At ten o’clock that evening Dan Gallaher and James McNiece sat together in the private room behind the bar of Sam Twining’s public-house. The house was neutral ground used by Orangemen and Nationalists alike, a convenient arrangement, indeed a necessary arrangement, for there was no other public-house nearer than Curraghfin.
“Dan,” said James McNiece, “I’m an Orangeman and a Protestant and a loyalist, and what I’ve always said about Home Rule and always will say is this:—We’ll not have it and to Hell with the rebels. But I’m telling you now I’d rather you had them, papist and rebel and all as you are, than see them swept off that way by the police. And what’s more, I’m not the only one says that. The Colonel was talking to me after he heard what happened, and what he said was this—‘The Government of this country,’ said he, meaning the police, ‘is a disgrace to civilization.’”
“Give me your hand, James McNiece,” said Gallaher. “Let me shake your hand to show there’s no ill feeling about the way I bid against you at the sale to-day.”

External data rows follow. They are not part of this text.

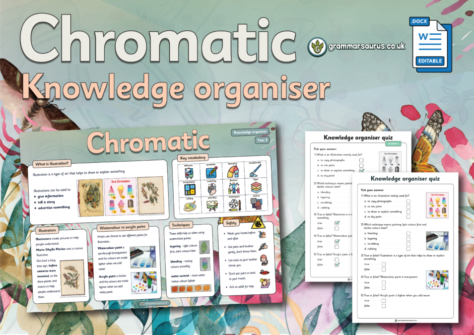 This editable knowledge organiser accompanies our Year 1 ‘Chromatic’ unit lessons. The file includes the following resources: - editable knowledge organiser - editable knowledge organiser test worksheets - editable knowledge organiser test answers Updated to the Grammarsaurus Curriculum 2.0...
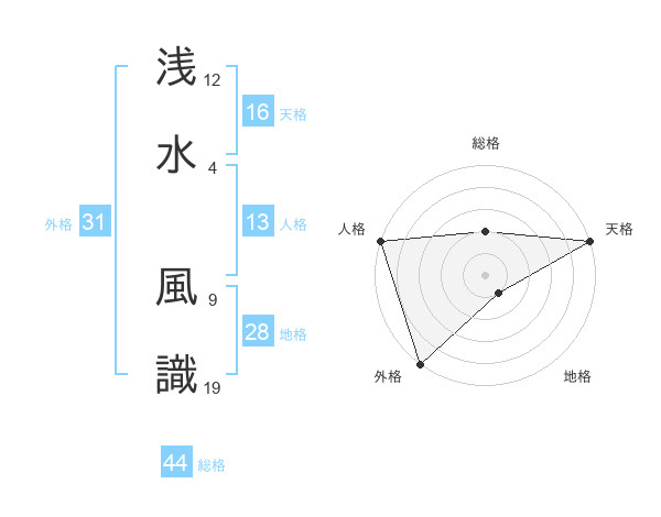 浅水 風識さんの総格は44画の2点!
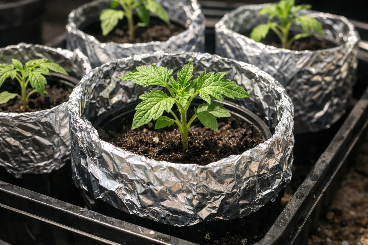 Minu isiklik end tõestanud vahend lõunapoolsete akende juurte ülekuumenemise vastu on plasttopside tihedalt kinni keeramine tavalise toidukilega, läikiv pool väljapoole.

McNiece laid down the glass of whisky which he was raising to his lips and stretched out his hand. Gallaher grasped it and held it.
“Tell me this now, James McNiece,” he said, “for it’s what I was never sure of—How many was there behind that hay?”
McNiece looked round him carefully and made sure that no third person could hear him. Neglecting no precaution he sank his voice to a whisper.
“Twenty rifles,” he said, “of the latest pattern, the same as the soldiers use, and four hundred rounds of ball cartridge.”
“Gosh,” said Gallaher, “but we’d have done great work with them. Either your lads or mine, James McNiece, would have done great work with them. But, sure, what’s the use of talking? The police has them now.”
“Damn the police,” said James McNiece.